Dataset excerpt:
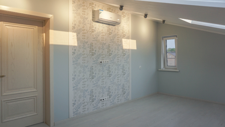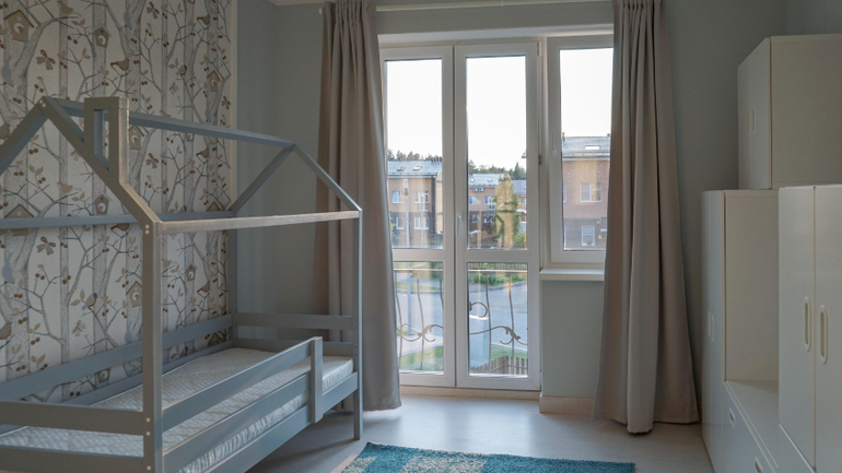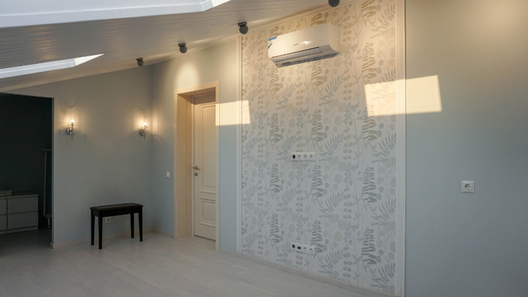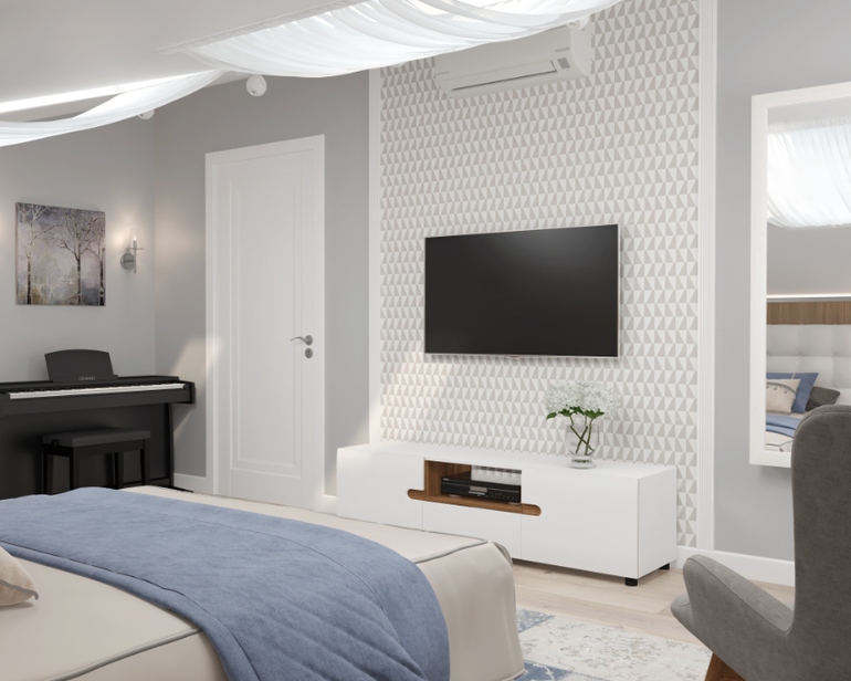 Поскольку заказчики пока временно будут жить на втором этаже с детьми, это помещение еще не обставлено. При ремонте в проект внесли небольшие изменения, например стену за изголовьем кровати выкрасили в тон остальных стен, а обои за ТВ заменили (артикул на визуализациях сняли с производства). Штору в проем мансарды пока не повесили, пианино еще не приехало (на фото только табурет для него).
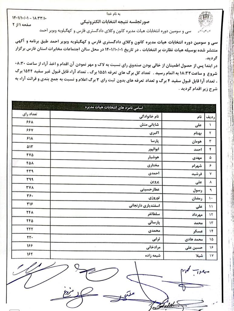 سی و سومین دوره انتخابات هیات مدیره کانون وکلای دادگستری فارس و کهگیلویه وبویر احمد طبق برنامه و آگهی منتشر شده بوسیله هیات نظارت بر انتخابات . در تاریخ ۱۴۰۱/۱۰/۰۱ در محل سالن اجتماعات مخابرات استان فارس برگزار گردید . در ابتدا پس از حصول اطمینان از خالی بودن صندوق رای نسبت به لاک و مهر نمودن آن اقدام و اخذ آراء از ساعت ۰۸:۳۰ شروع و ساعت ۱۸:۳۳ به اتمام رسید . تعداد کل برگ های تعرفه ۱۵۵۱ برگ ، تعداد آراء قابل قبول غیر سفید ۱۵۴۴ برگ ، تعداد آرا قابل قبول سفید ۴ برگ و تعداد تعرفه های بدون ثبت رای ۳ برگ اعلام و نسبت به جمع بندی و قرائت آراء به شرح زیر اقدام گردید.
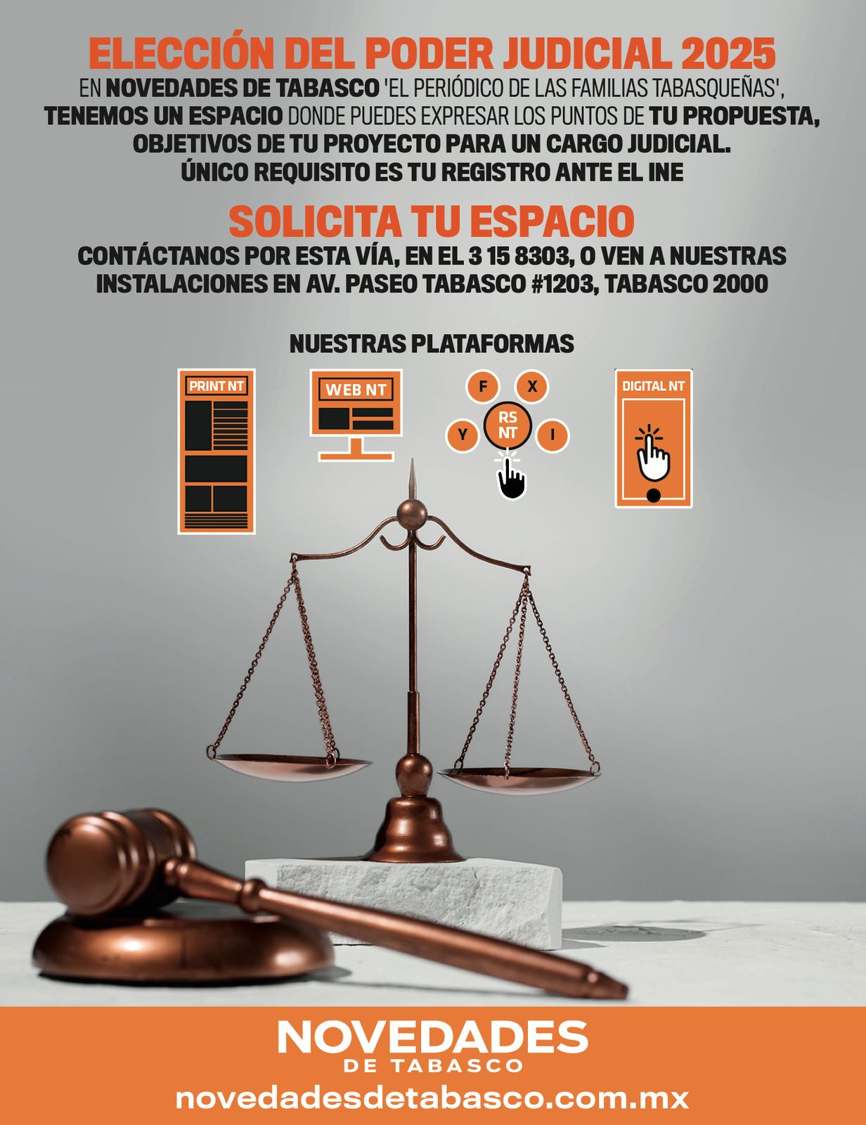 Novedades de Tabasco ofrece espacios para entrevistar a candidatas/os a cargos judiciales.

What you are asked to do:
Restate the material above word for word, dropping the pictures.

Expected output:
 Поскольку заказчики пока временно будут жить на втором этаже с детьми, это помещение еще не обставлено. При ремонте в проект внесли небольшие изменения, например стену за изголовьем кровати выкрасили в тон остальных стен, а обои за ТВ заменили (артикул на визуализациях сняли с производства). Штору в проем мансарды пока не повесили, пианино еще не приехало (на фото только табурет для него).
 سی و سومین دوره انتخابات هیات مدیره کانون وکلای دادگستری فارس و کهگیلویه وبویر احمد طبق برنامه و آگهی منتشر شده بوسیله هیات نظارت بر انتخابات . در تاریخ ۱۴۰۱/۱۰/۰۱ در محل سالن اجتماعات مخابرات استان فارس برگزار گردید . در ابتدا پس از حصول اطمینان از خالی بودن صندوق رای نسبت به لاک و مهر نمودن آن اقدام و اخذ آراء از ساعت ۰۸:۳۰ شروع و ساعت ۱۸:۳۳ به اتمام رسید . تعداد کل برگ های تعرفه ۱۵۵۱ برگ ، تعداد آراء قابل قبول غیر سفید ۱۵۴۴ برگ ، تعداد آرا قابل قبول سفید ۴ برگ و تعداد تعرفه های بدون ثبت رای ۳ برگ اعلام و نسبت به جمع بندی و قرائت آراء به شرح زیر اقدام گردید.
 Novedades de Tabasco ofrece espacios para entrevistar a candidatas/os a cargos judiciales.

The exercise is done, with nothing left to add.